TASK DESCRIPTION: Beginning at the top of the data below, restate every line word for word until the line containing "25일 오전 제주도내" has been included, and omit the pictures.

RECORDS TO PROCESS START

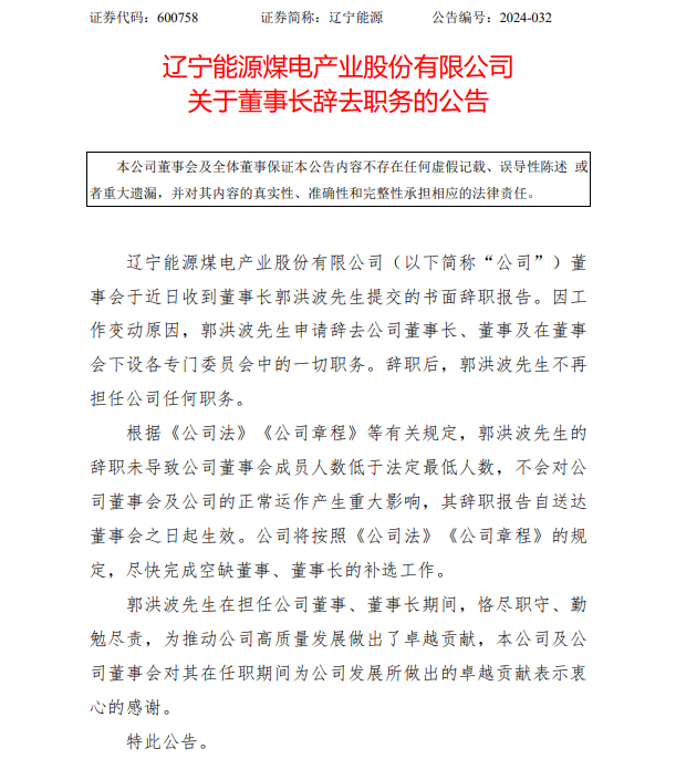辽宁能源12月11日晚间公告,因工作变动原因,郭洪波申请辞去公司董事长、董事及在董事会下设各专门委员会中的一切职务。辞职后,郭洪波不再担任公司任何职务。
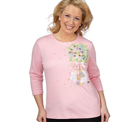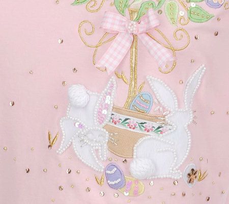 An egg-citing Easter motif--done in embroidery and sequins--lends hoppin' holiday style to this knit top. It's a fun and stylish way to celebrate the season. From Quacker Factory.
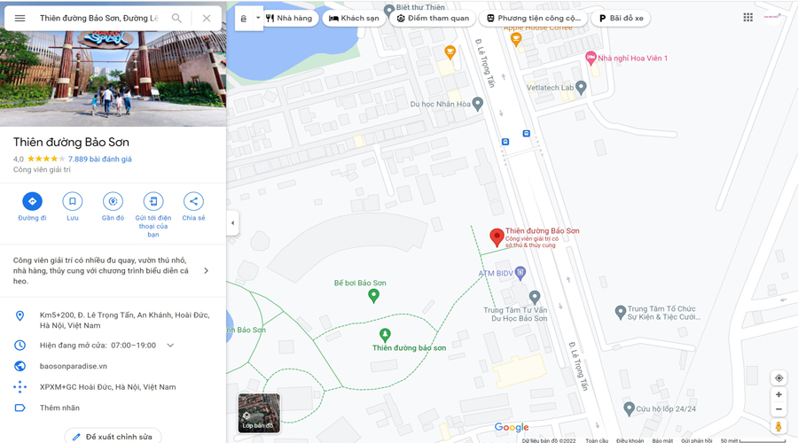 Công viên Thiên Đường Bảo Sơn địa chỉ: Km5+200, Đường Lê Trọng Tấn, xã An Khánh, huyện Hoài Đức, thành phố Hà Nội, Việt Nam.
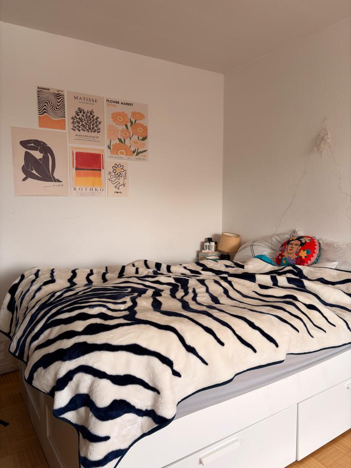 Das Zimmer ist rechteckig geschnitten und hat zwei große Fenster, eins davon ein französischer Balkon. Beide lassen super viel Licht rein. Das Zimmer wird mit den Möbeln Vermietet. Ansonsten ist die...
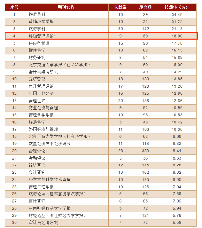 《珞珈管理评论》同时进入了管理学学科的50种期(集)刊转载量表,选自361种期(集)涉及全文被转载的管理学期(集)刊,《珞珈管理评论》作为转载量表唯一入选集刊,全文转载率位列第9位(如表3所示);综合指位列第21名(如表4所示)。
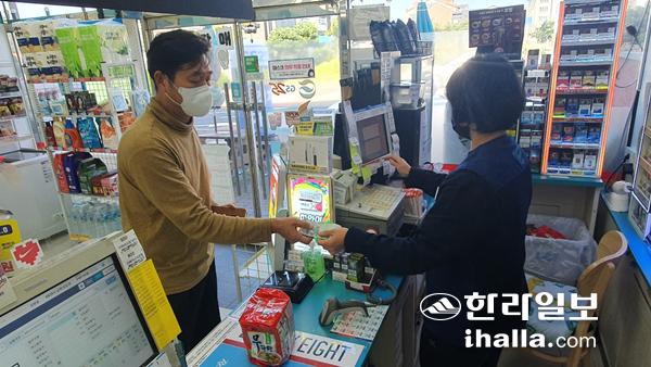25일 오전 제주도내 모 편의점에서 현금거래를 통해 물건을 사고 있다. 이날 오전 11시20분부터 12시까지 약 40분 가량 전국 KT 유무선 인터넷 서비스가 먹통이 되며 음식점이나 마트, 카페 등에서 카드 결제가 불가능해지는 사태가 발생했다. 강민성기자
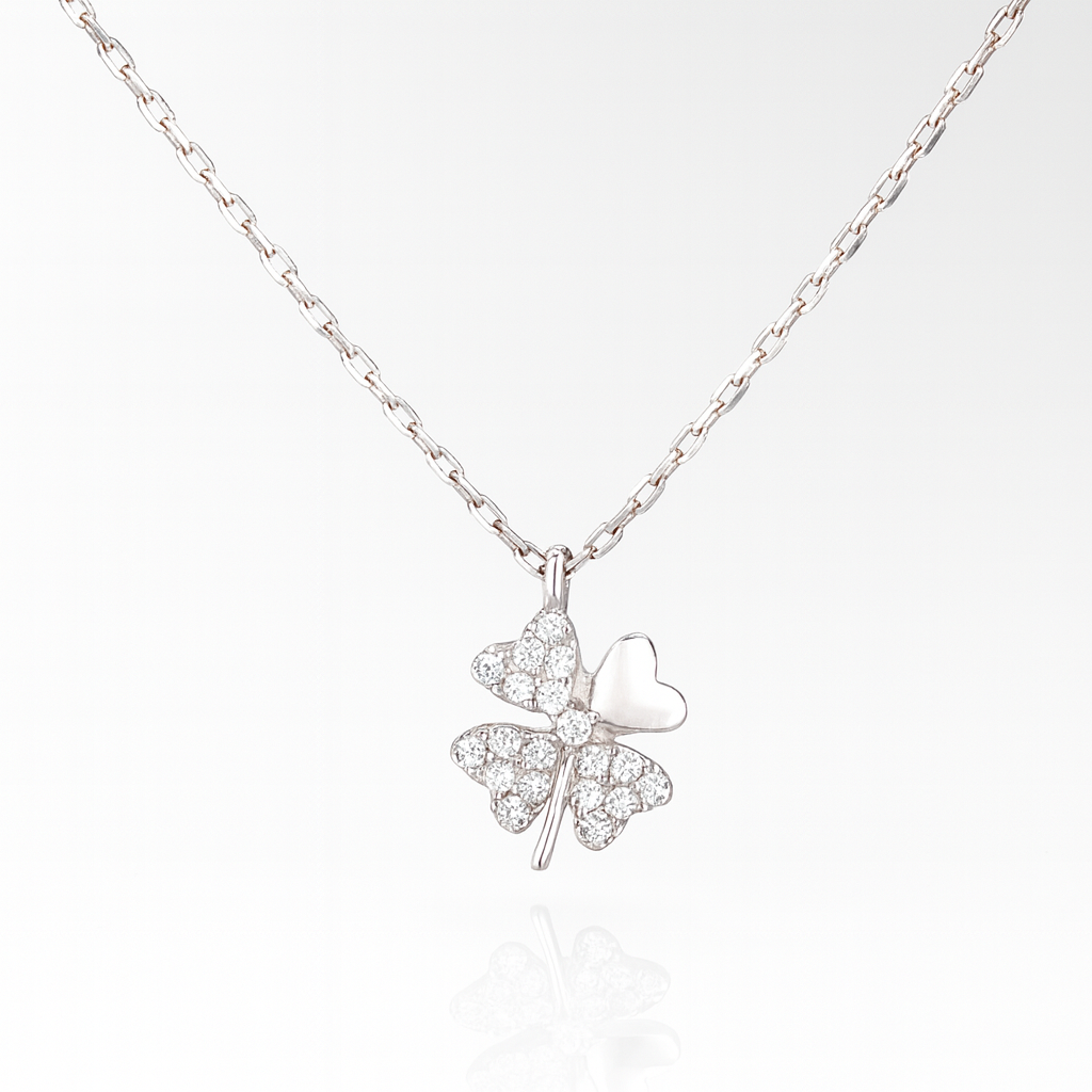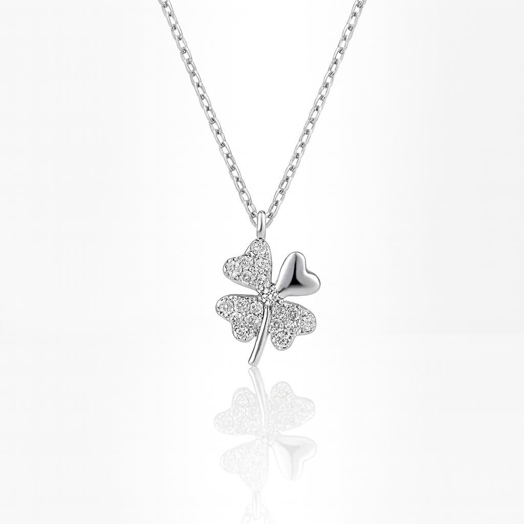 Colier Trifoi cu Patru Foi din Argint 925 Rodiat, Simbolul Norocului și al Iubirii

RECORDS TO PROCESS END

ANSWER TO THE EXERCISE:
辽宁能源12月11日晚间公告,因工作变动原因,郭洪波申请辞去公司董事长、董事及在董事会下设各专门委员会中的一切职务。辞职后,郭洪波不再担任公司任何职务。
 An egg-citing Easter motif--done in embroidery and sequins--lends hoppin' holiday style to this knit top. It's a fun and stylish way to celebrate the season. From Quacker Factory.
 Công viên Thiên Đường Bảo Sơn địa chỉ: Km5+200, Đường Lê Trọng Tấn, xã An Khánh, huyện Hoài Đức, thành phố Hà Nội, Việt Nam.
 Das Zimmer ist rechteckig geschnitten und hat zwei große Fenster, eins davon ein französischer Balkon. Beide lassen super viel Licht rein. Das Zimmer wird mit den Möbeln Vermietet. Ansonsten ist die...
 《珞珈管理评论》同时进入了管理学学科的50种期(集)刊转载量表,选自361种期(集)涉及全文被转载的管理学期(集)刊,《珞珈管理评论》作为转载量表唯一入选集刊,全文转载率位列第9位(如表3所示);综合指位列第21名(如表4所示)。
25일 오전 제주도내 모 편의점에서 현금거래를 통해 물건을 사고 있다. 이날 오전 11시20분부터 12시까지 약 40분 가량 전국 KT 유무선 인터넷 서비스가 먹통이 되며 음식점이나 마트, 카페 등에서 카드 결제가 불가능해지는 사태가 발생했다. 강민성기자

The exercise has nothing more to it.